Work to complete
From the line with "Passion Fruit (Maracujá)" to the line with "Louis HESTAUX (1858-1919).", retype each line exactly as it stands in the records below, but skip the pictures.

Records from a collection
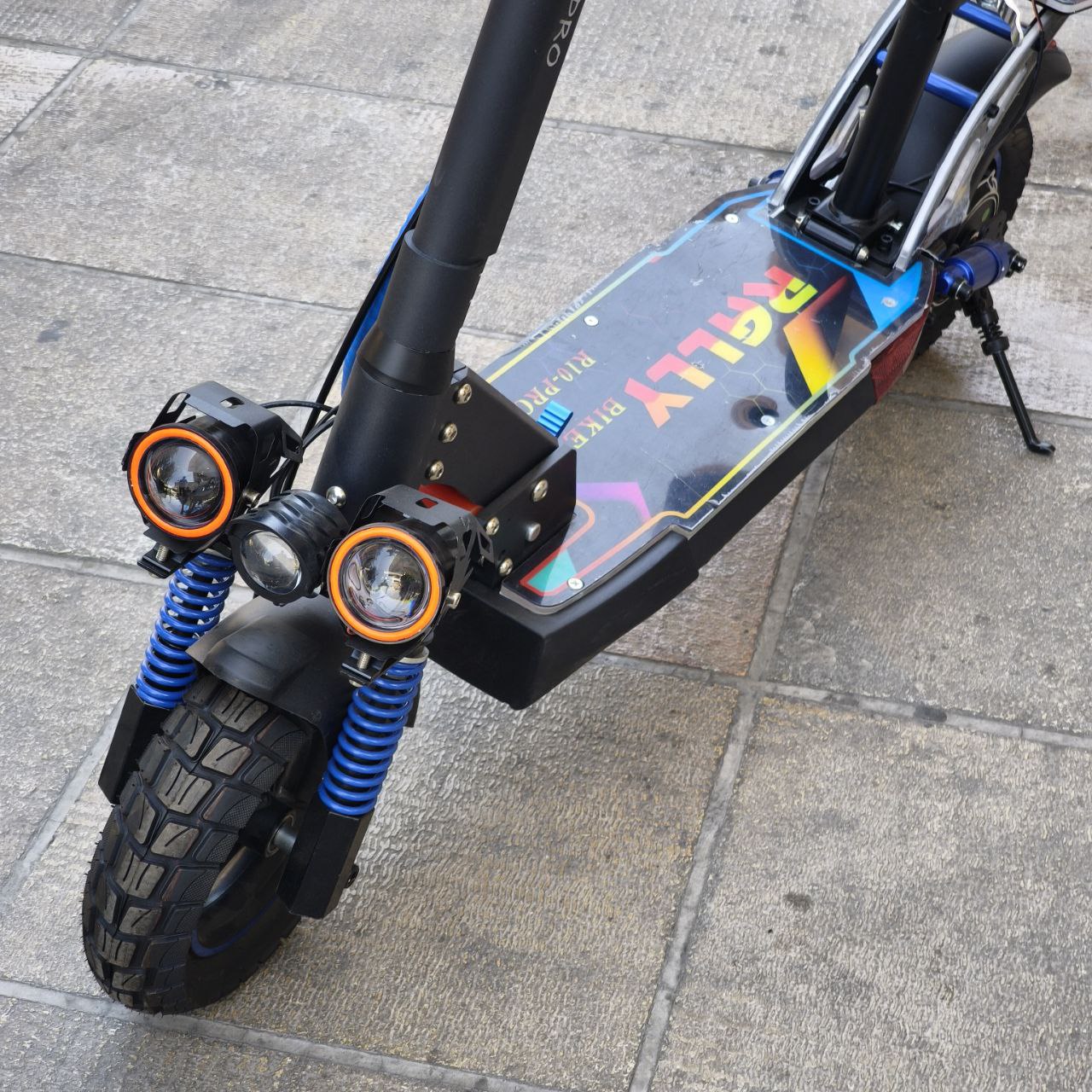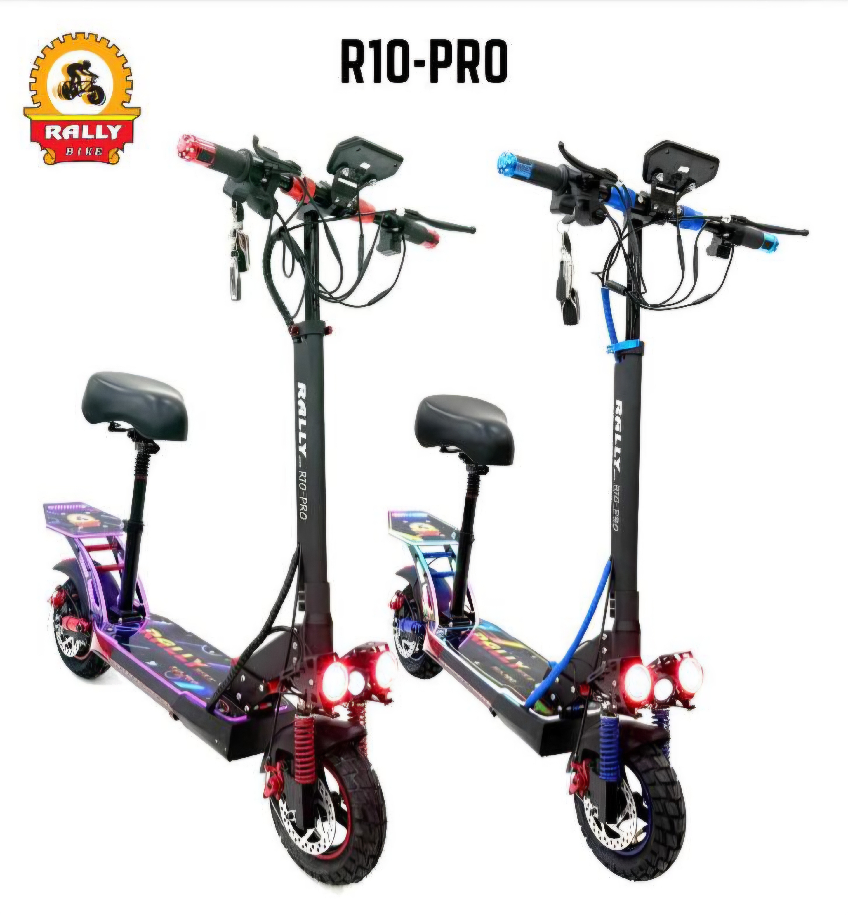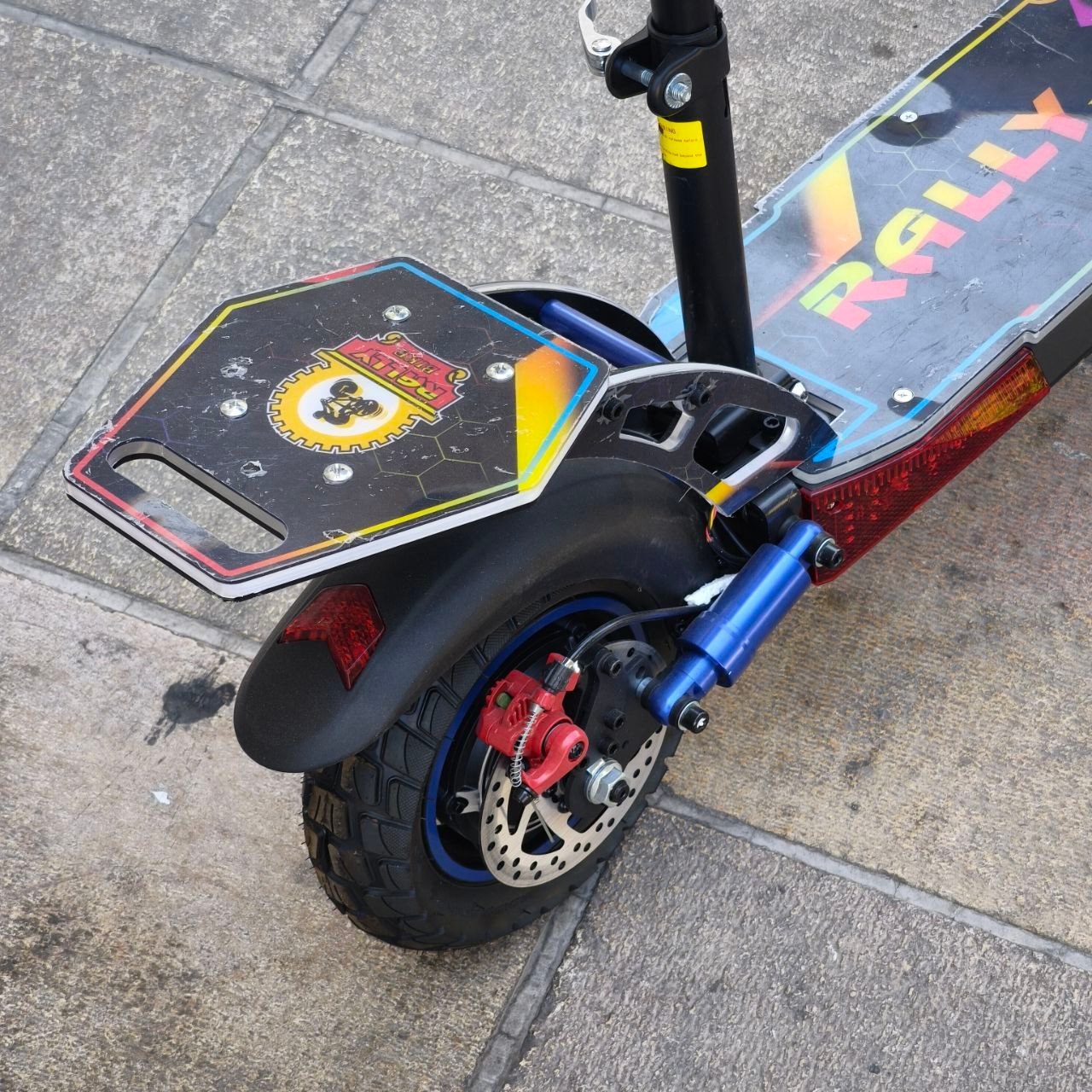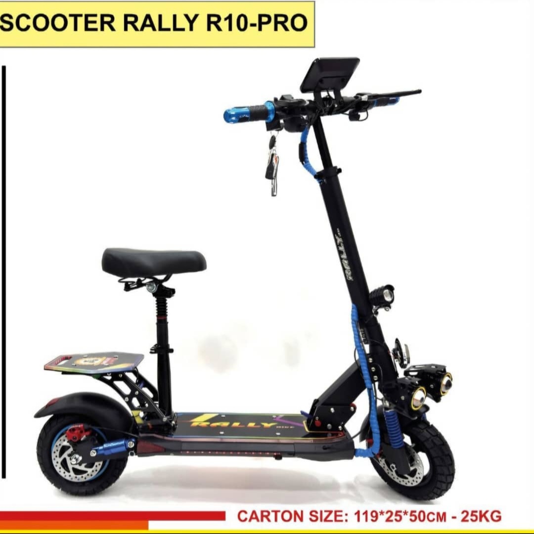 اسکوتر برند رالی Rally مدل R10_pro 2000 وات 48 ولت 15 آمپر ترمز جلو و عقب دیسکی کمک فنر جلو و عقب برای سواری نرم و راحت حداکثر سرعت 70 کیلومتر بر ساعت مسافت طی شده با هر بار شارژ 35 الی 50 کیلومتر با توجه به وزن راننده و شیب جاده
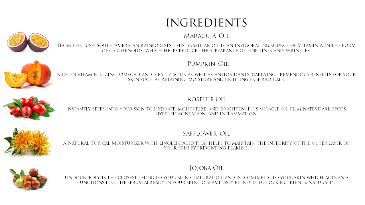 Passion Fruit (Maracujá) Oil, Pumpkin Oil, Rosehip Oil, Safflower Oil, Jojoba Oil, and Vitamin E.
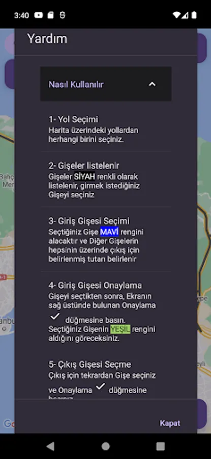 After choosing a road on the map, you will see its tolls on the map. We want you to choose the entrance box at first. After selecting the entrance booth, prices will appear above the other toll booths. After confirming the Box Office you have chosen, you need to select and confirm the Exit Box. In the list below, the roads you choose will be listed with their toll booths and prices.
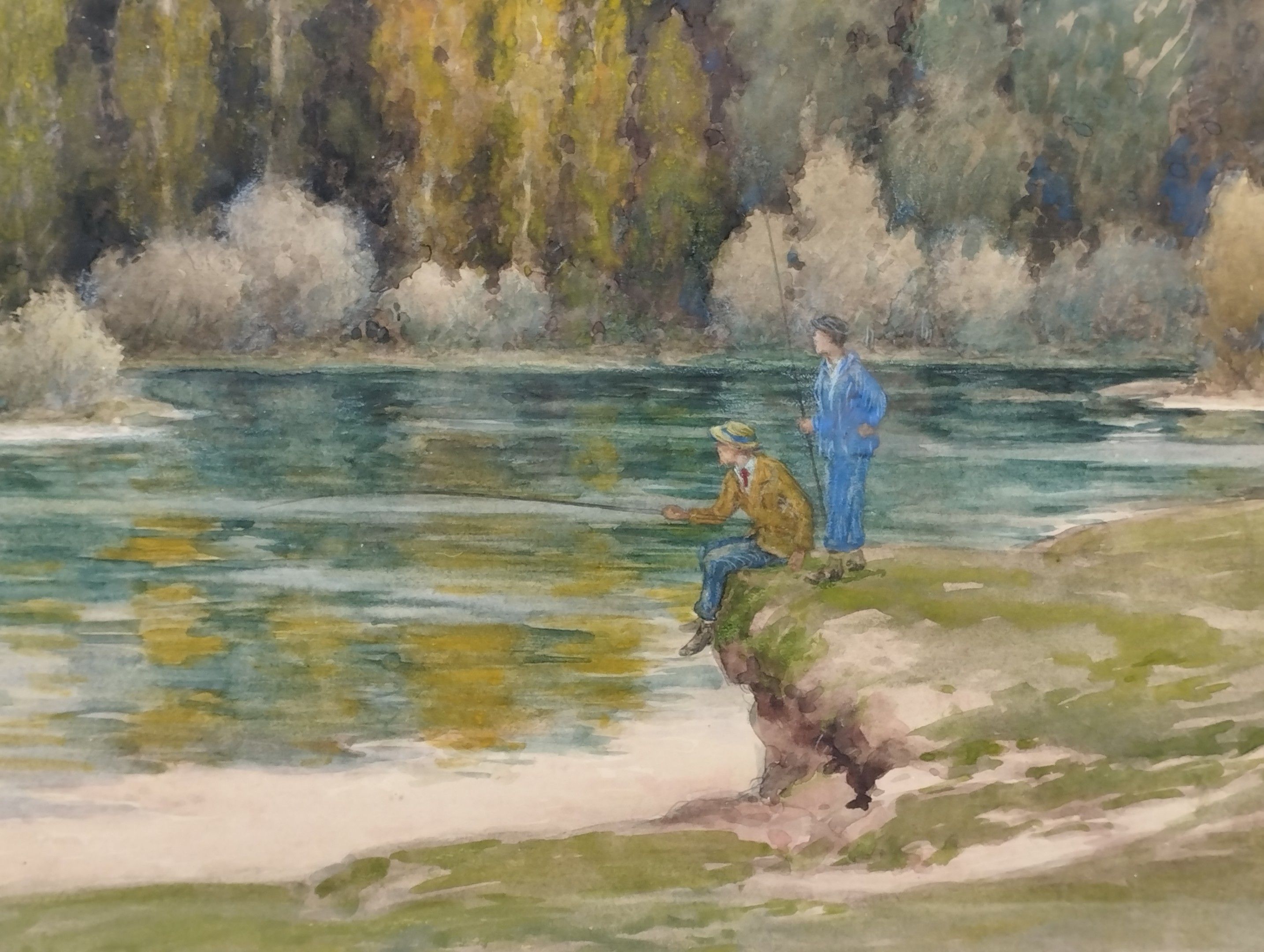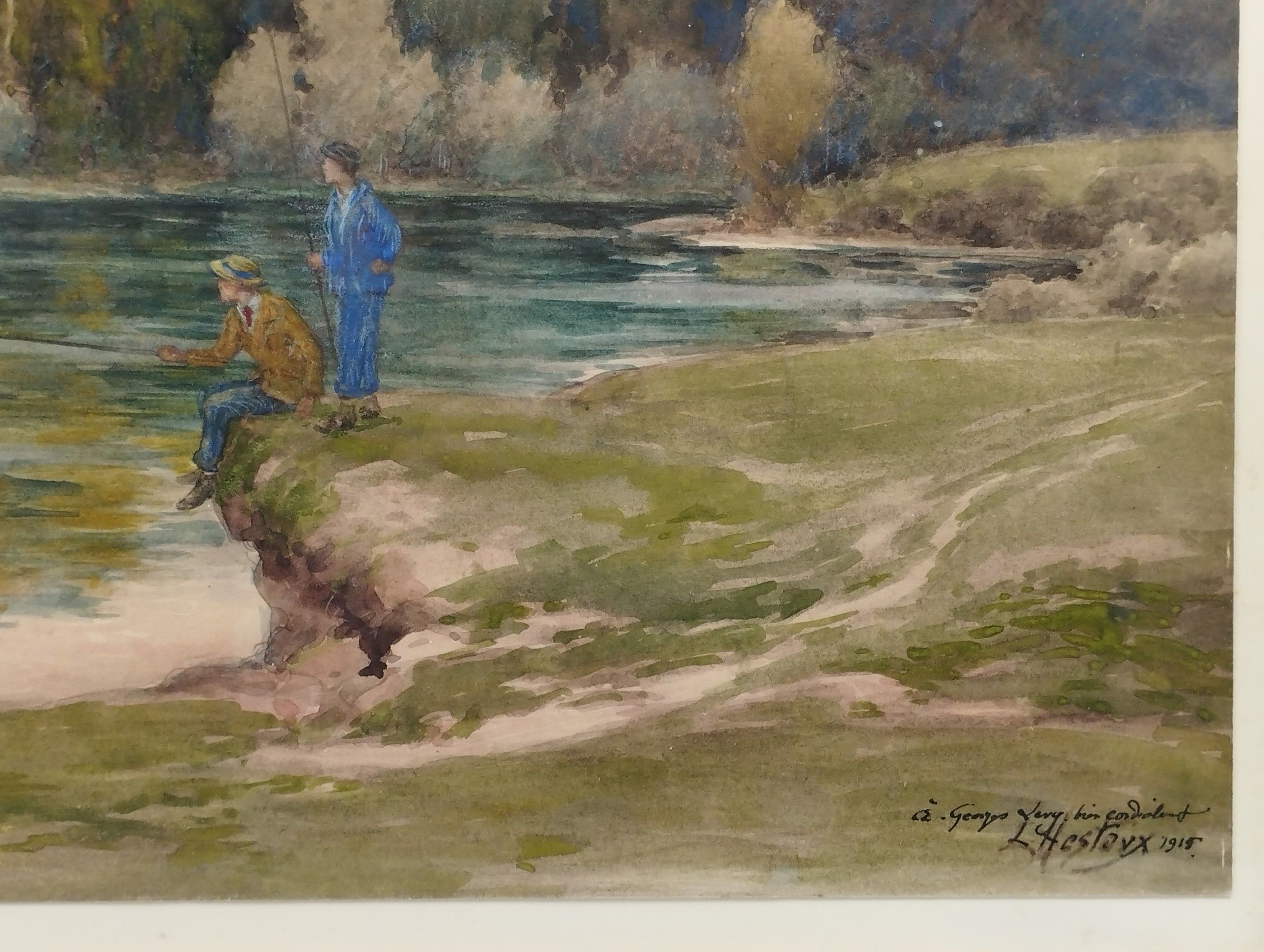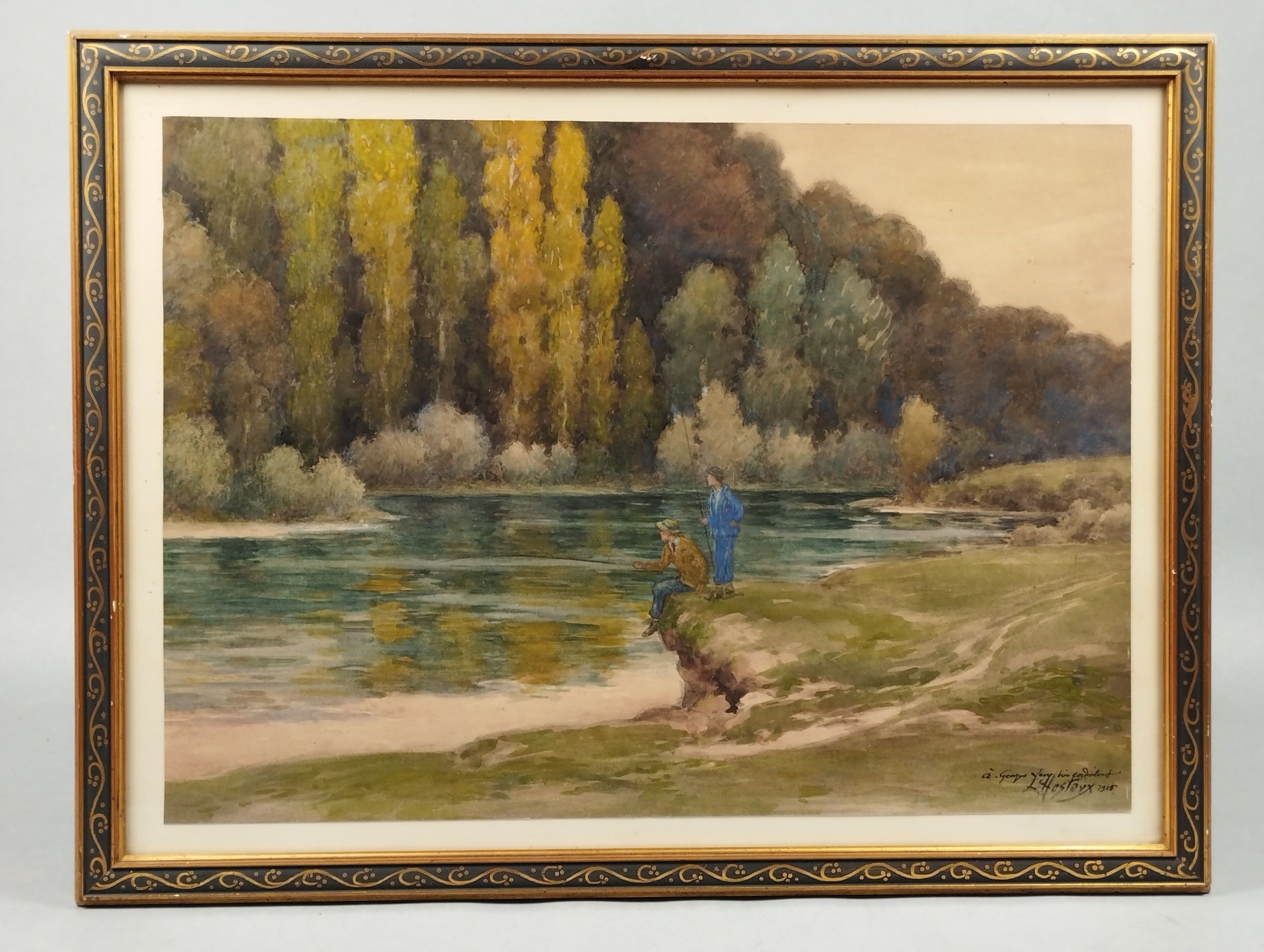 Louis HESTAUX (1858-1919). Fishermen by the river. Watercolour. Signed in ink and dedicated "to Georges Levy" lower right; dated "1915". Size of sheet: 35.3 x 49.5 cm.
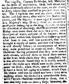 “The brig Fly” captain Sheldrake, left Malacca on the 30th September 1809 about 6 weeks afterwards arrived at Salembo, on the coast of Java, where they touched and procure fresh water. The long boat was sent on shore with the tindal and four men, after which Mr. Kable, the owner, and Mr. Hunter, a passenger (foremerly of His majesty’s ship Dover) went on shore in a small prow belonging to the brig, in order to take the diversion of shooting, shortly afterwards some Malay men came from the shore in a prow, with 3 jars of water, and one of the lascars; when they came within hail, Captain Sheldrake enquired what boat it was, and was answered, that they brought a supply of water, and that the long-boat would shortly follow; in consequence of which they were permitted to come on deck. Captain Sheldrake having perceived that they were armed with creeses, ordered them to leave their creeses in the boat, with whick they complied; but it was afterwards found that they were doubly armed; out of the eight men which were in the prow, 6 came on deck; when there, one of them wished to have a loiah belonging to a lascar, which Captain Sheldrake told him he could not have; they were walking about the decks a considerable time, until Captain Sheldrake observed to them, that it was time they went on shore; they, however, delayed for some time, and the gunner was ordered to keep the hatches close;- An old man with a long beard, who appeared to be the head of the party, wished to go below, which the gunner endeavouring to prevent, he immediately creesed him; on hearing the cries of the gunner, and perceiving his having been creesed, Captain Sheldrake jumped overboard, and never rose again; he was followed by his servants, a Portuguese Malacca boy named George, and a Chinese named Akini; who however, cought hold of the stem of the brig; the Malays asked them if they preferred to live or die, and, they, accordingly, together with the whole of the Lascars, begged for their lives;- so soon as the capture had been accomplished, 3 large boats, with a number of smaller ones, came off, and commenced plundering; they were 4 days discharging the cargo; during which time, they took out the straw in which the beer, wine ect. were packed, and distriputed it in several parts of the vessel, with the intention evidently of setting fire to her; fortunately however, for them, a heavy squall came on at night, when they out the cable and scaped; they reached Semanap, on the east end of Madura, where she was siezed as a prize, and taked to Sooroobaya, and sold at public auction, on account of the Dutch Government.

Task result
 Passion Fruit (Maracujá) Oil, Pumpkin Oil, Rosehip Oil, Safflower Oil, Jojoba Oil, and Vitamin E.
 After choosing a road on the map, you will see its tolls on the map. We want you to choose the entrance box at first. After selecting the entrance booth, prices will appear above the other toll booths. After confirming the Box Office you have chosen, you need to select and confirm the Exit Box. In the list below, the roads you choose will be listed with their toll booths and prices.
 Louis HESTAUX (1858-1919). Fishermen by the river. Watercolour. Signed in ink and dedicated "to Georges Levy" lower right; dated "1915". Size of sheet: 35.3 x 49.5 cm.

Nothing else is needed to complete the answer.